Records shown -

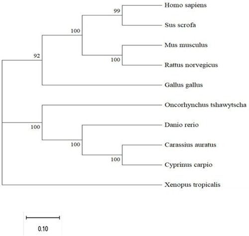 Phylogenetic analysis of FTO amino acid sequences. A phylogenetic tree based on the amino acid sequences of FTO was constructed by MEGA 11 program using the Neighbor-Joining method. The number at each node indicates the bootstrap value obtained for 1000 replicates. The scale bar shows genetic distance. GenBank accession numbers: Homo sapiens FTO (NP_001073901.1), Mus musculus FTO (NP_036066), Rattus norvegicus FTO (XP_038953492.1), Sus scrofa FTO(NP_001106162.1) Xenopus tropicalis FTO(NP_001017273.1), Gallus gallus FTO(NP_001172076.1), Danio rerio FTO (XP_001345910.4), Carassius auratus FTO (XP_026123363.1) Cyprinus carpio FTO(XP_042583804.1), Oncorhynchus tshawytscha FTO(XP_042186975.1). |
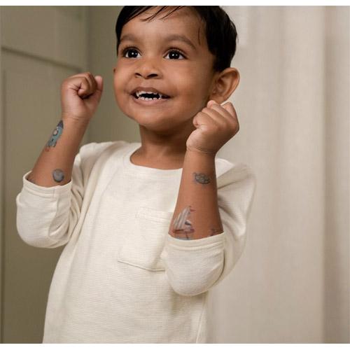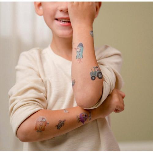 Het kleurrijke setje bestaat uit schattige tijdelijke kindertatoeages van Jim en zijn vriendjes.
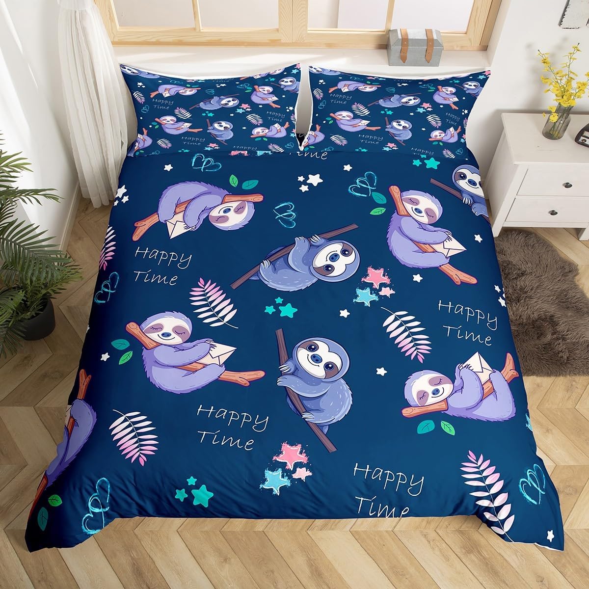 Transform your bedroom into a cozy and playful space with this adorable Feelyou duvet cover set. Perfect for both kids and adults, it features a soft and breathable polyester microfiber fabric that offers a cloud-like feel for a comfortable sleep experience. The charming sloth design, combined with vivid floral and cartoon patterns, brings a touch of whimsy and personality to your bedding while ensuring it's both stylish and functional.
--
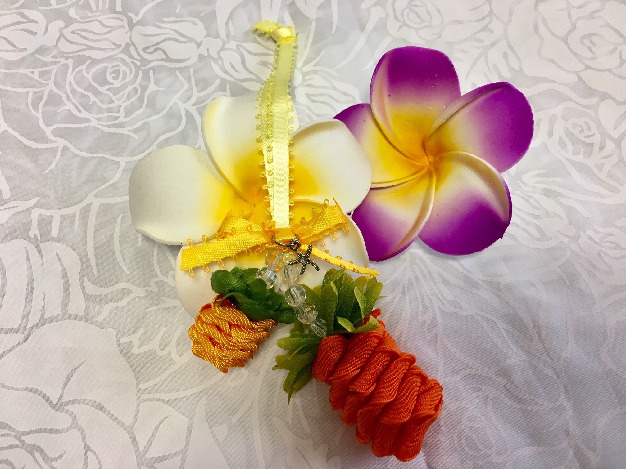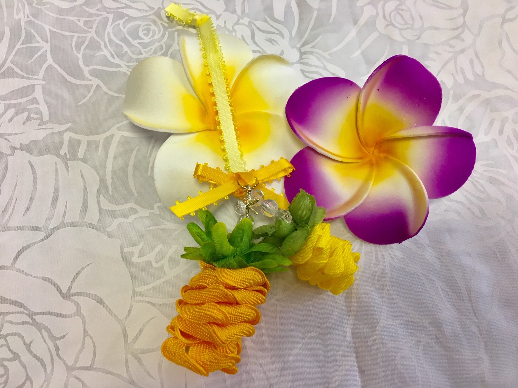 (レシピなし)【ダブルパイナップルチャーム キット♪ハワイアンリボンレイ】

Activity - Give back, exactly and without pictures, the stretch of the records above from the line containing "Phylogenetic analysis of" through the line containing "Het kleurrijke setje", with both end lines included.

Task solution -
 Phylogenetic analysis of FTO amino acid sequences. A phylogenetic tree based on the amino acid sequences of FTO was constructed by MEGA 11 program using the Neighbor-Joining method. The number at each node indicates the bootstrap value obtained for 1000 replicates. The scale bar shows genetic distance. GenBank accession numbers: Homo sapiens FTO (NP_001073901.1), Mus musculus FTO (NP_036066), Rattus norvegicus FTO (XP_038953492.1), Sus scrofa FTO(NP_001106162.1) Xenopus tropicalis FTO(NP_001017273.1), Gallus gallus FTO(NP_001172076.1), Danio rerio FTO (XP_001345910.4), Carassius auratus FTO (XP_026123363.1) Cyprinus carpio FTO(XP_042583804.1), Oncorhynchus tshawytscha FTO(XP_042186975.1). |
 Het kleurrijke setje bestaat uit schattige tijdelijke kindertatoeages van Jim en zijn vriendjes.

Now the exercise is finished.